Безмятежно и чуть дыша
дремлет моя тоска.
Беспрепятственно,
беззаботно,
окончательно,
бесповоротно
распластала свои крыла
и осталась здесь
навсегда.
День доживал свои последние минуты. Птицы шныряли как
сумасшедшие, пытаясь урвать мгновения перед закатом и завершить
дела, которые не могут подождать до завтра. Впрочем, самого понятия
«завтра» в их маленьких щебечущих головках и не существовало, зато
было всеобъемлющее чувство полноты жизни с первых до последних
лучей солнца. Заботы, опасности, эмоции отступали лишь с
наступлением темноты, дарующей долгожданную иллюзию относительного
спокойствия и безопасности. И ночь теперь была уже совсем недалеко.
Небо отдавало розовым, а теплый вечерний ветер негромко шептался с
шуршащей, то тут, то там опадающей сентябрьской листвой. Сэйт сидел
на подоконнике своей башни и курил. Не спеша, с расстановкой,
пристально вглядываясь в переливающуюся цветами заката высь. Он
только что вернулся домой после долгих скитаний.
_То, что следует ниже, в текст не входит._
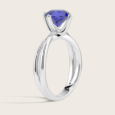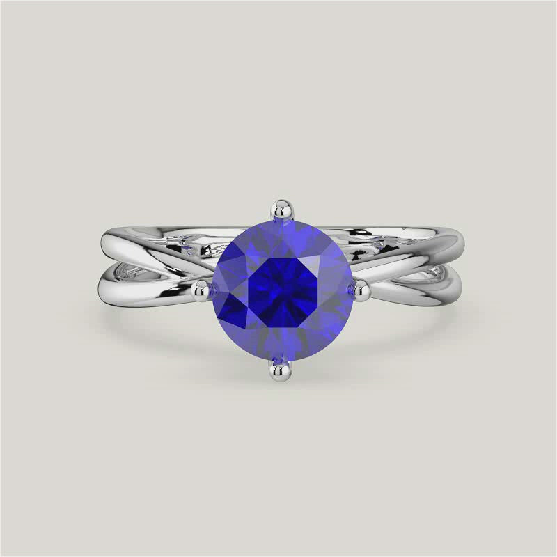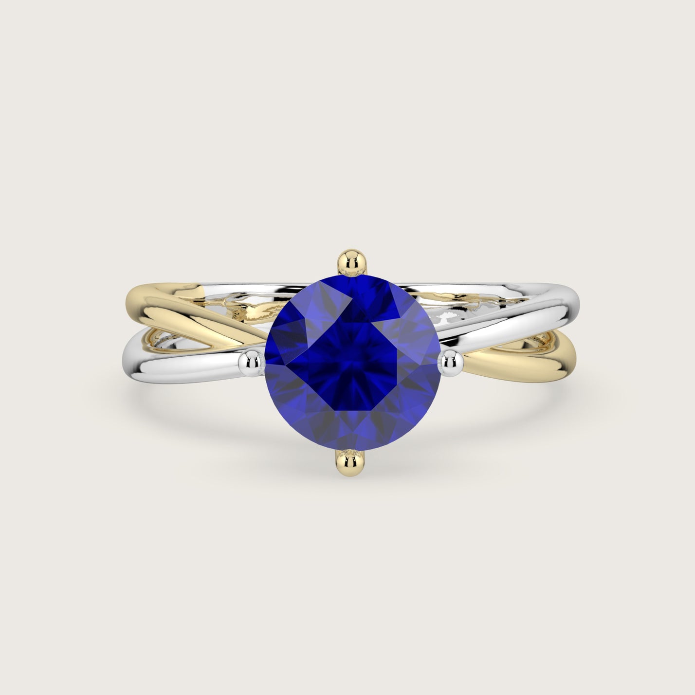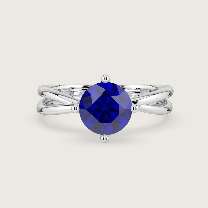 Evelyn, Round Brilliant Sapphire Crossover Solitaire Ring

Загорел, оброс
щетиной и превратился из мальчика-подростка в молодого мужчину,
очень похожего на своего отца. Темноволосый, высокий, с прямыми
чертами лица, спортивным телосложением и твердым уверенным
взглядом. Пожалуй, чуть мрачноватый для своего возраста, но Сэйта
это совсем не портило. Напротив, скорее придавало мужчине
загадочности, особенно с точки зрения противоположного пола.
Жилище встретило блудного сына тишиной и спокойствием. Сэйт
кивнул маячившей на входе охране и прямиком поднялся к себе, больше
никого не встретив по пути. Кинул рюкзак в угол, неторопливо обошёл
комнату и, достав самокрутки, устроился под потолком на окне, рядом
с платформой, где спал ещё ребёнком.
Он сбежал из дома сразу после тогдашнего разговора с матерью. Не
понимал, что за дурацкие проблемы у этих ненормальных родителей?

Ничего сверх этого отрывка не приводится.